Localization-Based Super-Resolution Fluorescence Imaging
Samuel Hess, Department of Physics and Astronomy, University of Maine
Friday, May 20, 2011, 3:30pm (refreshments at 3:15pm)
This seminar is part of the Jones Seminars on Science, Technology, and Society series
Diffraction limits resolution in visible light microscopy to ~200-250 nanometers. However, many biological functions are regulated at the molecular level. FPALM (fluorescence photoactivation localization microscopy) can break the diffraction limit and can achieve effective lateral resolution in the tens of nanometers. FPALM performs successive rounds of photoactivation, imaging, localization, and photobleaching, to obtain the coordinates of large numbers of probe molecules. The image is then generated by plotting the measured positions of all successfully localized molecules. Biological applications of FPALM to intracellular membrane, cytosolic, nuclear, and cytoskeletal proteins have been demonstrated, including results from live cells, fixed cells, and fixed tissue. Dynamics of individual molecules, including trajectories, can be recorded and quantified to determine molecular diffusion properties or velocities. Three-dimensional imaging using Bi-plane FPALM has recently been demonstrated to yield 30 nm x 30 nm x 70 nm resolution. Polarization FPALM can measure both the positions and orientations of localized probe molecules in biological samples, and has been used to image cytoskeletal and membrane proteins in cells.

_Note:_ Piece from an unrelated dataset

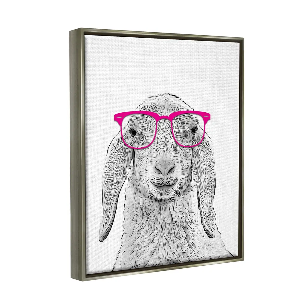Elevate your home or office to the next level with Stupell Framed Floating Canvas Wall Art. Our premium hand-stretched canvas is mounted securely into a sturdy lightweight frame. The museum-style gap between the wrapped canvas and the box frame gives the illusion of floating artwork. Stupell Wall Art is made in the USA.Features: Dimensions: 17 x 1.7 x 21 Frame, 16 x 1.5 x 20 Canvas ArtFloating Frame Sizes Include Standard: 17 x 1.7 x 21 Oversized: 25 x 1.7 x 31Wall Art is Ready to Hang - No Installation or Hardware Needed. For Easy Set Up Lean or Layer Artwork on Shelf or Against Wall.Our elevated 1.7" Thick Floating Frame is the perfect complement to our canvas style Wall Art. We use only the highest quality inks in house with industry leading printing solutions. Canvas is hand stretched over a durable wood foundation and then mounted securly into a Modern Box Frame. Made in the USA.Artwork Relates To: Glasses, Animal, Mammal, Wildlife, Sheep, Lamb, FarmDesign by Annalisa Latella

Multicolor FPALM allows detection of three or more fluorescent species in living or fixed specimens. These powerful capabilities offer great potential for biological applications.
About the Speaker
Sam Hess graduated summa cum laude from Yale University with a B.S. in 1995 and then began graduate school in physics at Cornell University. Advised by Watt Webb, he received his Ph.D. in 2002. He then did a postdoctoral fellowship at the National Institutes of Health (NIH), working with Joshua Zimmerberg from 2002-2004. In 2004, he began as an assistant professor in the Department of Physics and Astronomy at the University of Maine, and was promoted to associate professor with tenure in 2009. His research interests include nanoscale membrane organization, influenza virus infection, photophysics of fluorescent proteins and quantum dots, and super-resolution microscopy. In 2006, Dr. Hess published the invention of fluorescence photoactivation localization microscopy (FPALM), which circumvents the diffraction limit in light microscopy. FPALM uses localization of stochastic subsets of photoactivatable fluorescent molecules to image subcellular structures with nanometer resolution (20-30 nm). Dr. Hess is currently pursuing questions of biological membrane organization, virus infection, and the onset of cancer.